Reputation: 31
I wanted to exclude rows with participants who show error rates above 15% When I look at the error rate of participant 2, it is for example 2,97%
semdata[2,"error_rate"]
[1] "2,97"
But if I run this ifelse-statement, many participants get excluded that don´t display error rates (but others not, which is correct).
15% (e.g., this participant 2).
for(i in 1:NROW(semdata)){
#single trial blocks
ifelse((semdata[i,"error_rate"] >= 15),print(paste(i, "exclusion: error rate ST too high",semdata[i,"dt_tswp.err.prop_st"])),0)
ifelse((semdata[i,"error_rate"] >= 15),semdata[i,6:NCOL(semdata)]<-NA,0)
#dual-task blocks
# ifelse((semdata[i,"error_rate"] >= 15),print(paste(i, "exclusion: error rate DT too high")),0)
# ifelse((semdata[i,"error_rate"] >= 15),semdata[i,6:NCOL(semdata)]<-NA,0)
}
[1] "1 exclusion: error rate ST too high 6,72"
[1] "2 exclusion: error rate ST too high 2,97"
[1] "7 exclusion: error rate ST too high 2,87"

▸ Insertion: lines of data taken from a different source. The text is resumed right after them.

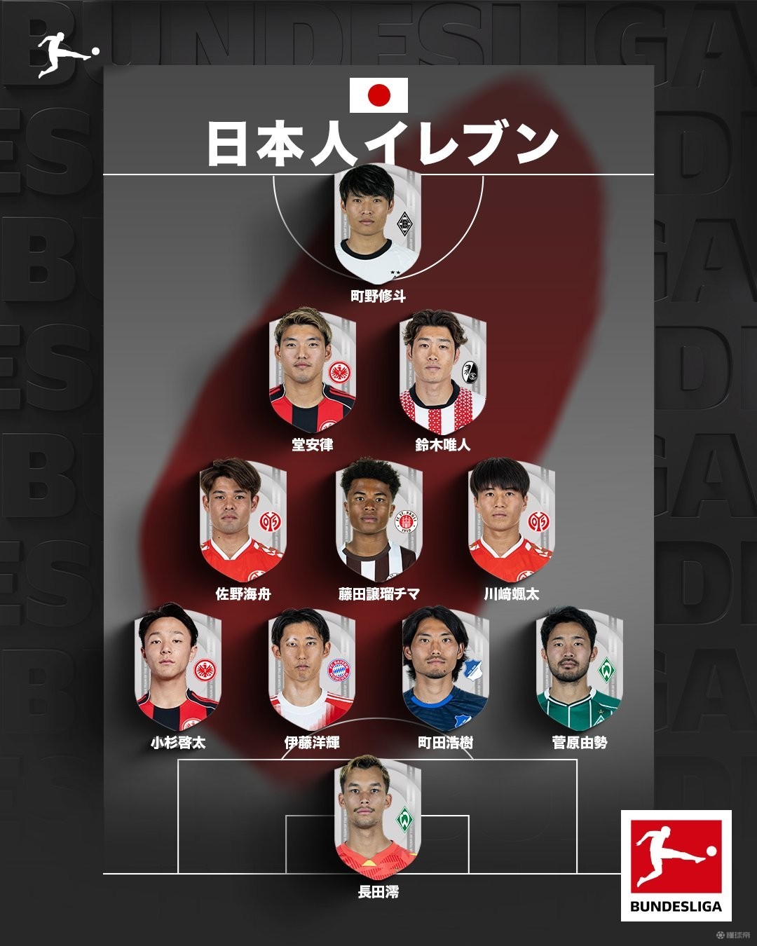 • 够一套首发,德甲官方日语账号分享德甲日本球员阵容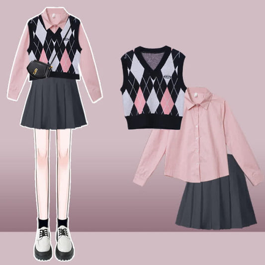 Pink Rhombus Print Vest Long Sleeve Shirt Pleated Skirt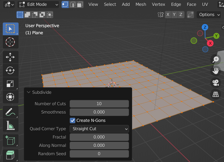 Planeの表示(Shft+Aをタイプして選択、S X 5, S Y 5 で拡大)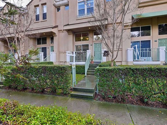 Stylish and contemporary in highly desirable Whisman Station. Excellent location next to light rail, minutes to downtown, Caltrain, library. Steps away from Chetwood Park and Stevens Creek Trail. Sidewalk leads to unit with gated entry to front yard and balcony. Formal entry area with high windows, dark laminate flooring and sliding glass doors. Unit has light filled floor plan with floor to ceiling windows throughout adorned with white faux wood blinds. Impeccable condition with new carpet, fresh paint, new faucets and new hot water heater/furnace combo. Open kitchen/family room combo with white cabinets, marble countertops with backsplash, center island and stainless steel appliances. Two way gas fireplace highlights formal living room and family room/dining area. Master suite with remodeled bath, dual sinks and walk in closet. Good sized second and third bedrooms. Large 2 car garage with deep storage. All appliances included. Low HOA, great lifestyle and community!

[1] "9 exclusion: error rate ST too high 5,28"
...
What am I doing wrong here?
Upvotes: 0
Views: 74
Reputation: 388982
You are comparing strings here.
"6,72" > 15
#[1] TRUE
You should convert the data to numeric first before comparing which can be done by using sub
as.numeric(sub(",", ".", "6,72"))
#[1] 6.72
This can be compared with 15.
as.numeric(sub(",", ".", "6,72")) > 15
#[1] FALSE
For the entire column you can do -
semdata$error_rate <- as.numeric(sub(",", ".", semdata$error_rate))
Upvotes: 1